→ Activity: The lines to return are the one containing "Lavapiés COMFORT regulable" and all that follow it in the entries below, duplicated exactly and nothing else.

Saved entries:
====
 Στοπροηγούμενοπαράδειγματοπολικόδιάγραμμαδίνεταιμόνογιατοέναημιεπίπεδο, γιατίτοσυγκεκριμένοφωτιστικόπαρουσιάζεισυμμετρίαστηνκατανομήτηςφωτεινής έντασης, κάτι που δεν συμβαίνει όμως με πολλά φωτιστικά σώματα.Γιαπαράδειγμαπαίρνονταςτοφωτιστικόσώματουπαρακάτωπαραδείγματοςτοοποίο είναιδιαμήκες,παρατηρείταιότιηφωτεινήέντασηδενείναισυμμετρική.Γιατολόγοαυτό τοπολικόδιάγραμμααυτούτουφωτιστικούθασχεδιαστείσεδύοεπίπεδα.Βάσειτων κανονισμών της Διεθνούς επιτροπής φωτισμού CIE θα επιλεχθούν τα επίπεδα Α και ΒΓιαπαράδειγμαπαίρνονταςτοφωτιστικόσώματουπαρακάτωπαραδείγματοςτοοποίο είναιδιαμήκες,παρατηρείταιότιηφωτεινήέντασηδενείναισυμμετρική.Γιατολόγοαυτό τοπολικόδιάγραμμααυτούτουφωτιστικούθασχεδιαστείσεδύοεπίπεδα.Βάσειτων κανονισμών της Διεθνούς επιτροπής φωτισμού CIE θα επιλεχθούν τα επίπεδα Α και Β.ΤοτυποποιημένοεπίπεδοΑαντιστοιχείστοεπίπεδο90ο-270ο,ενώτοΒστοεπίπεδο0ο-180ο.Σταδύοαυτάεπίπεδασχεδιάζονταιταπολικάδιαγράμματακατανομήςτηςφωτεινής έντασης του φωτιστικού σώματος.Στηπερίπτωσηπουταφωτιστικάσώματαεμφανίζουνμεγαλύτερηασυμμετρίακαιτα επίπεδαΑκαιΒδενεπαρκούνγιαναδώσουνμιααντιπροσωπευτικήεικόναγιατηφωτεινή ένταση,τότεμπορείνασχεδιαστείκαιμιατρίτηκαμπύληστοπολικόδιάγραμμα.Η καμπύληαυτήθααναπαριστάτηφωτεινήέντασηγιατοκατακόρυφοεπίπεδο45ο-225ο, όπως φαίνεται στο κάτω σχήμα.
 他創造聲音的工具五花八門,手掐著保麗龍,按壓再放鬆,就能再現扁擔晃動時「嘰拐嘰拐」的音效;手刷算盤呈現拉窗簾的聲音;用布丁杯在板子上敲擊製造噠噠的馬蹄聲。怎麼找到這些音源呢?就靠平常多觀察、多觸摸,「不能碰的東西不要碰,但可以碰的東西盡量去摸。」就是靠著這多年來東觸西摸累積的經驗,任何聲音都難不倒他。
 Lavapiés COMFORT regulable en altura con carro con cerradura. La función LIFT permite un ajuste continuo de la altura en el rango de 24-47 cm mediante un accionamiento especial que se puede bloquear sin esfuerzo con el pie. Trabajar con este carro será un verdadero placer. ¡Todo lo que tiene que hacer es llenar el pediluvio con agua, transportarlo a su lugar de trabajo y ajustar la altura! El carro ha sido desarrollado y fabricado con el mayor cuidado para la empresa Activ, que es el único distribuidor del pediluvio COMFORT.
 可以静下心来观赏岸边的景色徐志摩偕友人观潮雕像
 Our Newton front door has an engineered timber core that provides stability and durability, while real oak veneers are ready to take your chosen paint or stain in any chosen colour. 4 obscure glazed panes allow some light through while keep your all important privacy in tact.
====
→ Exercise response:
 Lavapiés COMFORT regulable en altura con carro con cerradura. La función LIFT permite un ajuste continuo de la altura en el rango de 24-47 cm mediante un accionamiento especial que se puede bloquear sin esfuerzo con el pie. Trabajar con este carro será un verdadero placer. ¡Todo lo que tiene que hacer es llenar el pediluvio con agua, transportarlo a su lugar de trabajo y ajustar la altura! El carro ha sido desarrollado y fabricado con el mayor cuidado para la empresa Activ, que es el único distribuidor del pediluvio COMFORT.
 可以静下心来观赏岸边的景色徐志摩偕友人观潮雕像
 Our Newton front door has an engineered timber core that provides stability and durability, while real oak veneers are ready to take your chosen paint or stain in any chosen colour. 4 obscure glazed panes allow some light through while keep your all important privacy in tact.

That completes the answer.